Persoonia papillosa
- Conservation status: Priority Two — Poorly Known Taxa (DEC)

Scientific classification
- Kingdom: Plantae
- Clade: Tracheophytes
- Clade: Angiosperms
- Clade: Eudicots
- Order: Proteales
- Family: Proteaceae
- Genus: Persoonia
- Species: P. papillosa
- Binomial name: Persoonia papillosa P.H.Weston

= Persoonia papillosa =

- Genus: Persoonia
- Species: papillosa
- Authority: P.H.Weston
- Conservation status: P2

Species of flowering plant

Persoonia papillosa is a species of flowering plant in the family Proteaceae and is endemic to a restricted area in the west of Western Australia. It is a small, erect shrub with hairy young branchlets, linear leaves with six prominent parallel veins, and hairy flowers borne in groups of up to twenty on a rachis up to 60 mm long.

==Description==
Persoonia papillosa is an erect shrub that typically grows to a height of 30 cm with young branchlets that are covered with light brown hair when young. The leaves are linear, 15–30 mm long and 1–1.3 mm wide with six prominent parallel veins. The flowers are arranged in groups of up to twenty along a rachis up to 60 mm long that usually continues to grow after flowering, each flower on a pedicel 6–14 mm long with a leaf or scale leaf at the base. The tepals are densely hairy on the outside, 9.5–11 mm long. Flowering occurs from September to January.

==Taxonomy==
Persoonia papillosa was first formally described in 1994 by Peter Weston in the journal Telopea from specimens collected near Yuna in 1962.

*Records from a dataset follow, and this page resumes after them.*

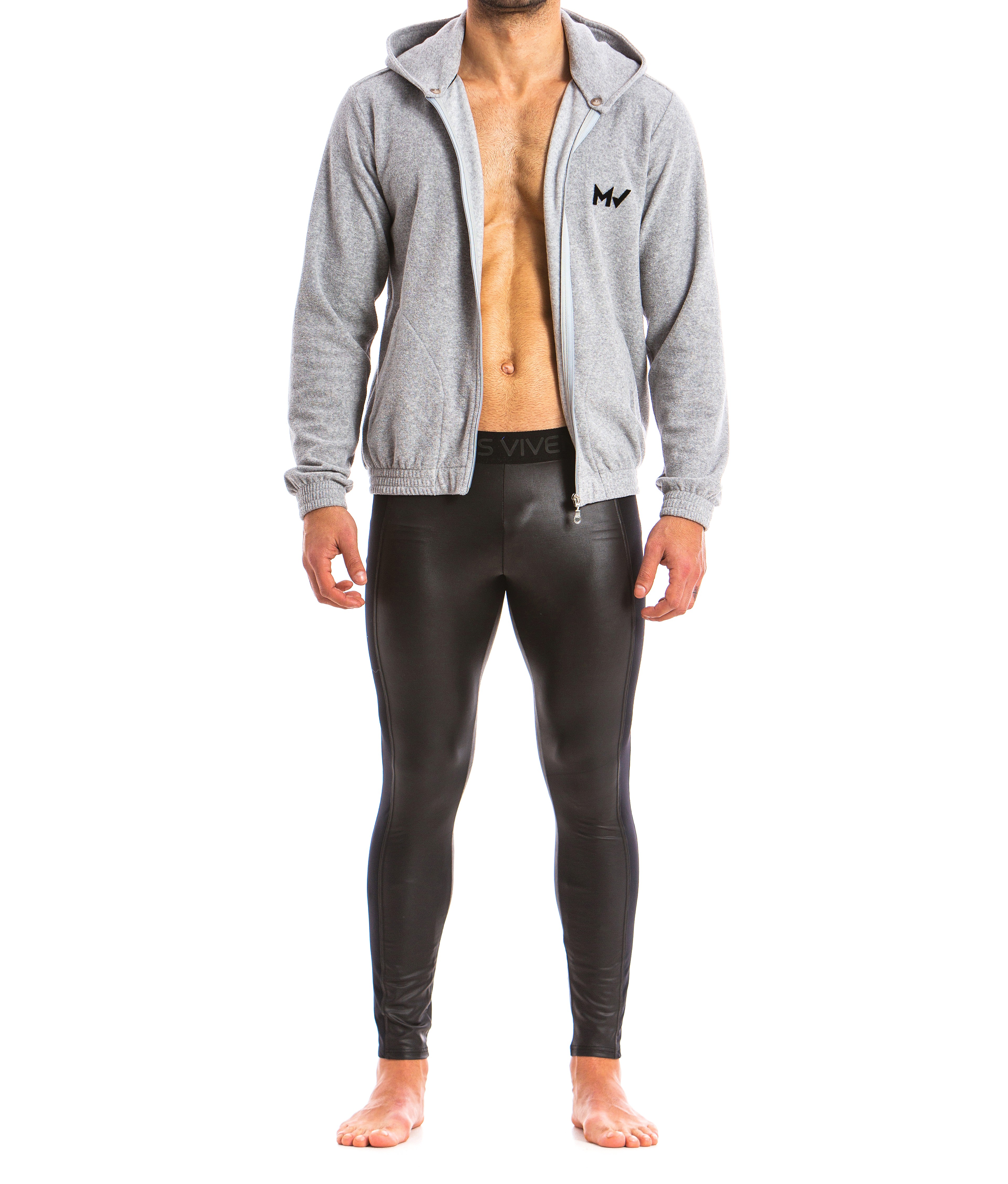 It has a zipper on the front and features the new MV logo printed on the left front.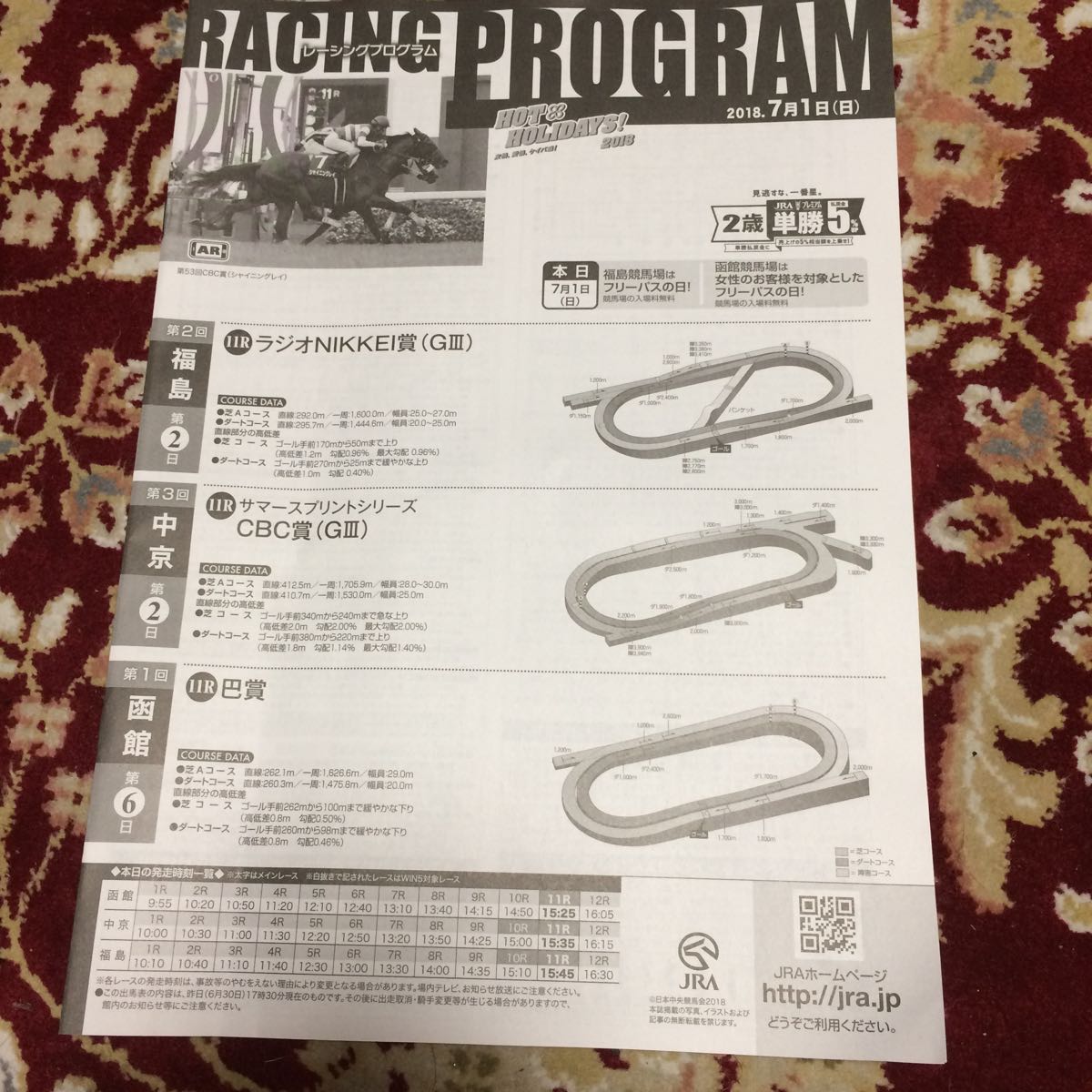- JRAレーシングプログラム2018.7月1日(日)、ラジオNIKKEI賞(GⅢ)、CBC賞(GⅢ)、巴賞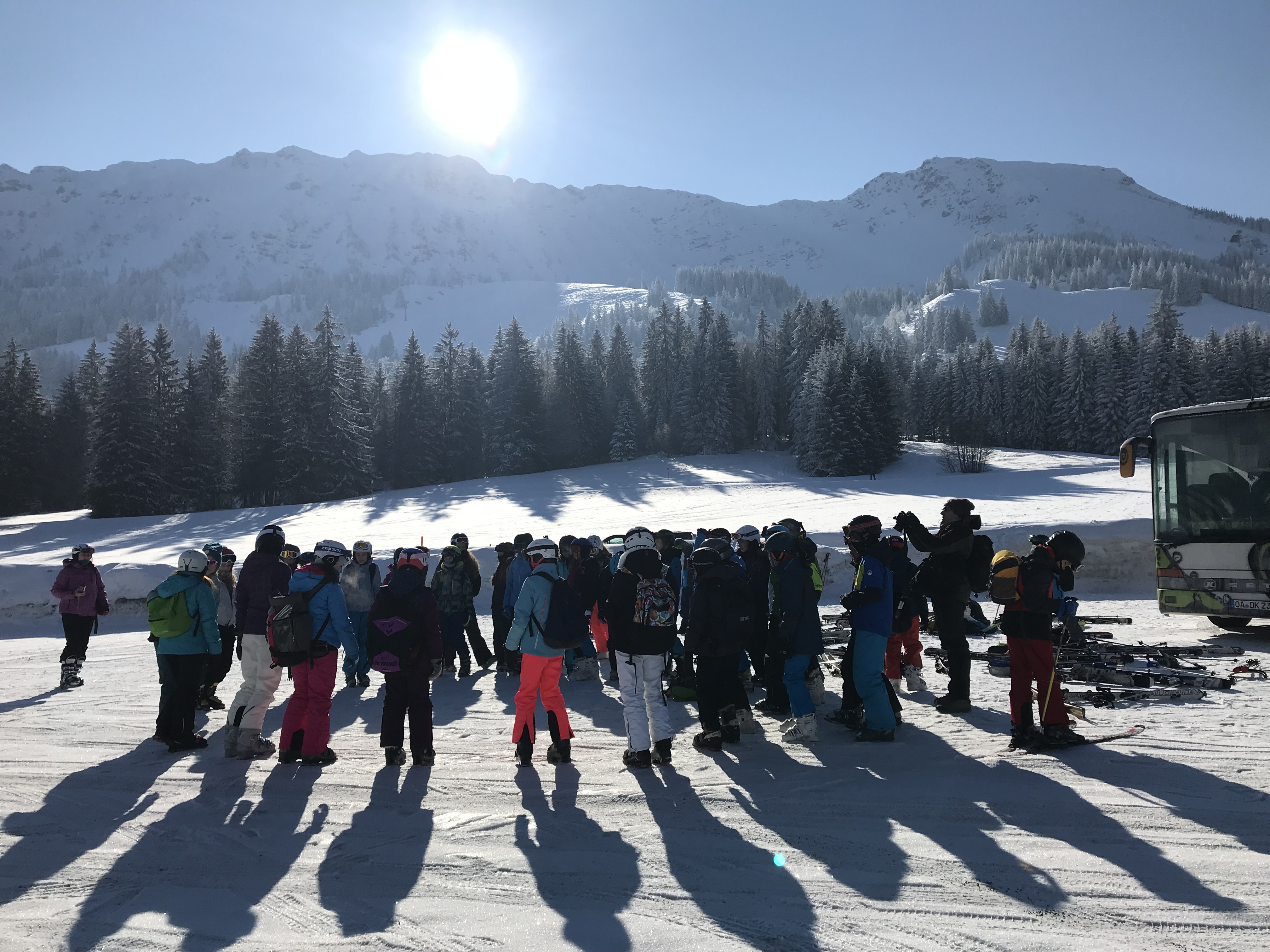 Vom 25. Februar bis 3. März waren dieses Jahr alle sechsten Klassen im Allgäu, um bei besten Schneebedingungen ihre skifahrerischen Fertigkeiten zu verbessern, Erfahrungen in einer großen Gemeinschaft zu sammeln und Erlebnisse zu teilen. Mit ihren Klassenlehrerinnen Ricarda Rickert, Annelie Bassenge und Ewa Osterkamp sowie den männlichen Kollegen Eberhard Rottler und Heri Josten machten sich alle in einem großen Bus auf den Weg ins knapp 1.000 Meter hoch gelegene Quartier. Unterstützt wurden sie während der Skitage von ortsansässigen Skilehrern und den Sportfachschaftskollegen Westfahl, Röscheisen und Werner.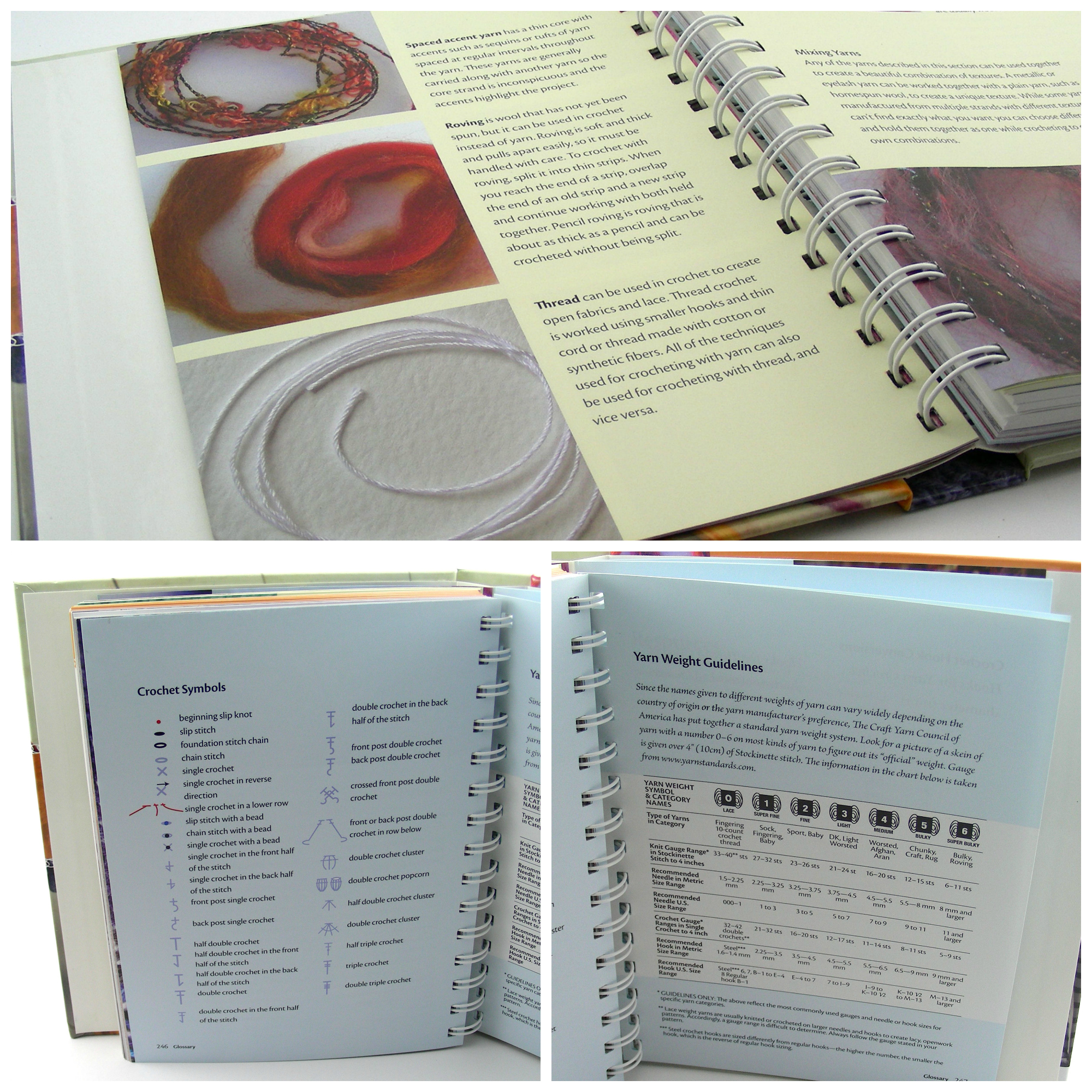 Top: Yarn discussion. Bottom, left: Crochet symbol chart. Bottom, right: Yarn weight guidelines.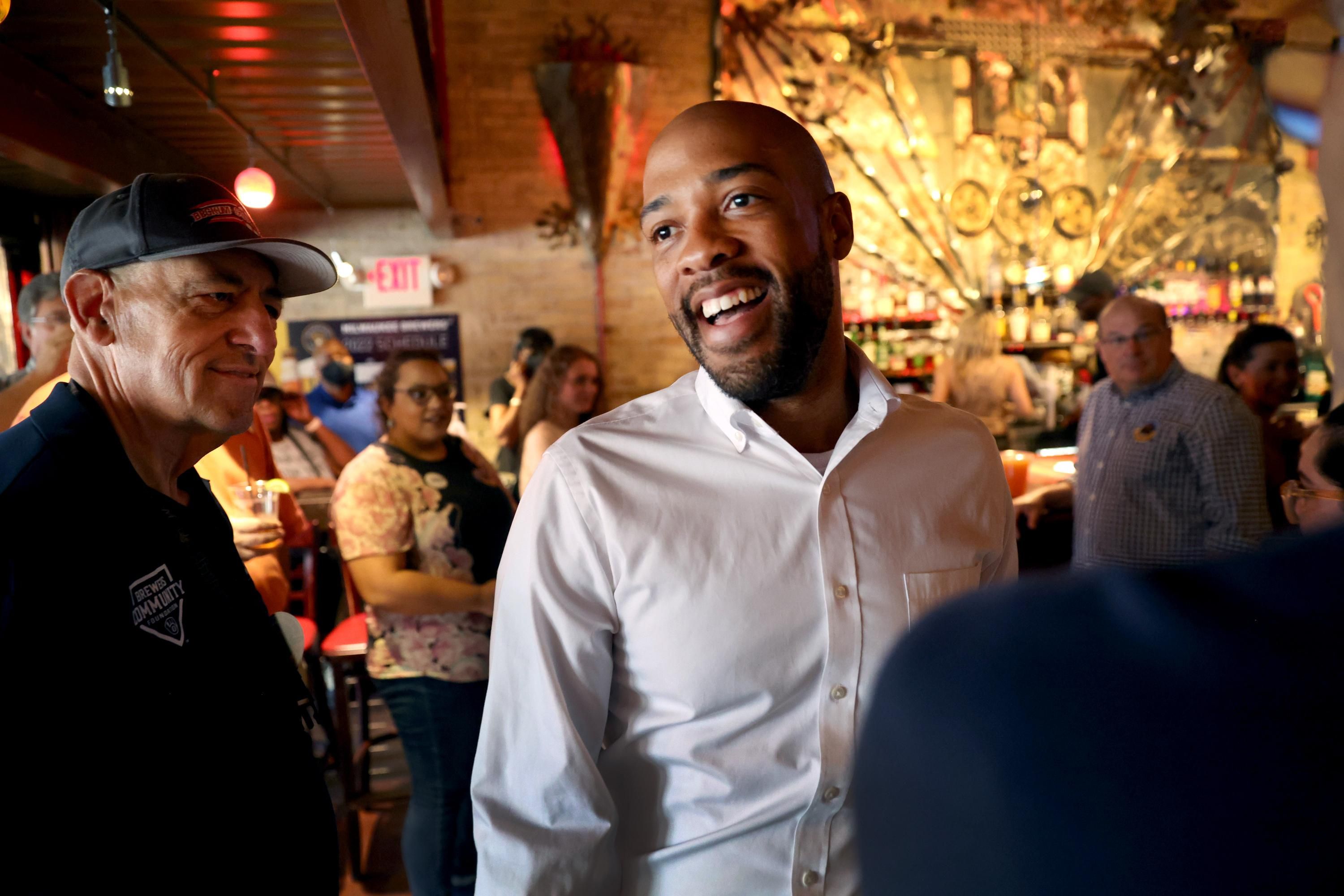 Wisconsin Lt. Gov. Mandela Barnes greets guests at a campaign event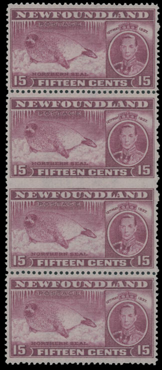 1937, Harp Seal, 15c claret, vertical strip of four, imperforate horizontally in the middle, full OG, NH, VF and very rare, C.v. $3,500, Unitrade C.v. CAD$5,000, Est. $2,500-$3,000 , Scott #239a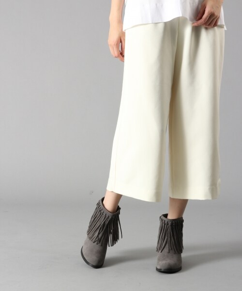 しっかりめの素材感が魅力のワイドパンツ。肌触りの良いレーヨン混素材です。ウエスト後ろ部分はゴム仕様なので、楽に着用していただけます。ホワイトのみ透け防止の裏地付き。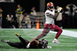 Atlanta Falcons wide receiver Drake London, center, runs the ball past Washington Commanders cornerback Trey Amos (23) during the first half of an NFL football game, Sunday, Sept. 28, 2025, in Atlanta. (AP Photo/Mike Stewart)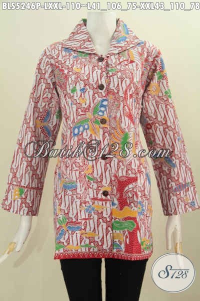 Sedia Busana Batik Bagus Buat Wanita Modern, Pakaian Batik Keren Dan Elegan Kerah Kotak Motif Berkelas Proses Printing Hanya 110 Ribu [BLS5246P-XXL]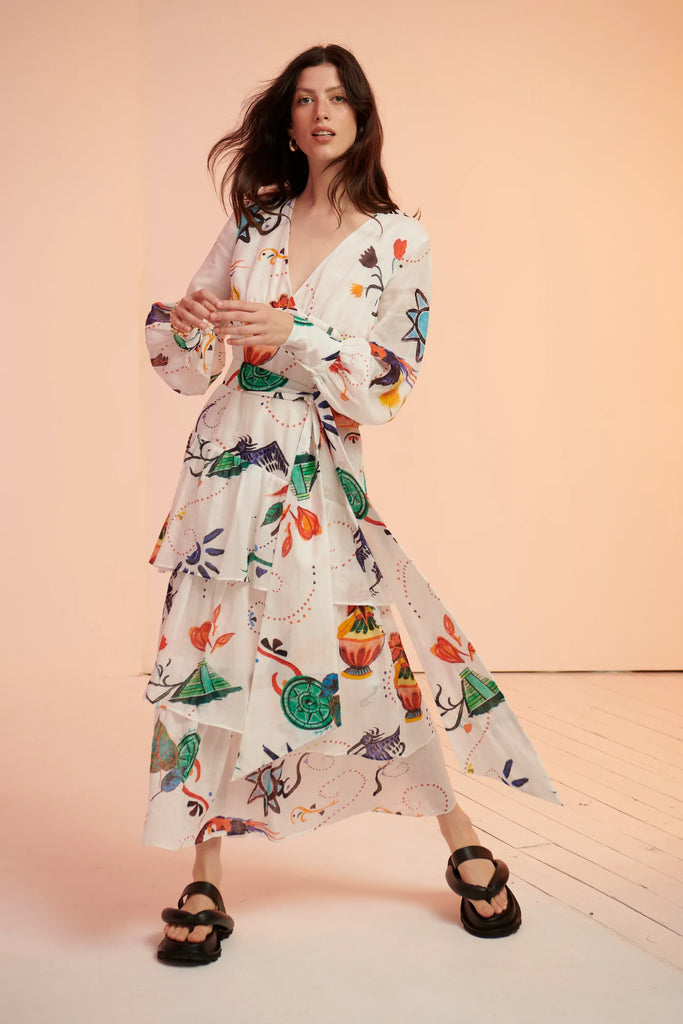 The Cordia Volume Dress in Santiago, a Kate Ford exclusive hand-drawn print from our Fall 2022 Collection, Sunstone in collaboration with Australian artist, Helen McCullagh. A light weight Ramie fabrication featuring Helen McCullagh exclusive hand-painted elements, frilled skirt with layered panels, flattering v-neckline, puff sleeves, zipper cuff openings and a self tie waist belt.

==Distribution and habitat==
This geebung grows in sand and has only been collected from near the Murchison River and Yuna in the Geraldton Sandplains biogeographic region of Western Australia.

==Conservation status==
Persoonia papillosa is classified as "Priority Two" by the Western Australian Government Department of Parks and Wildlife meaning that it is poorly known and from only one or a few locations.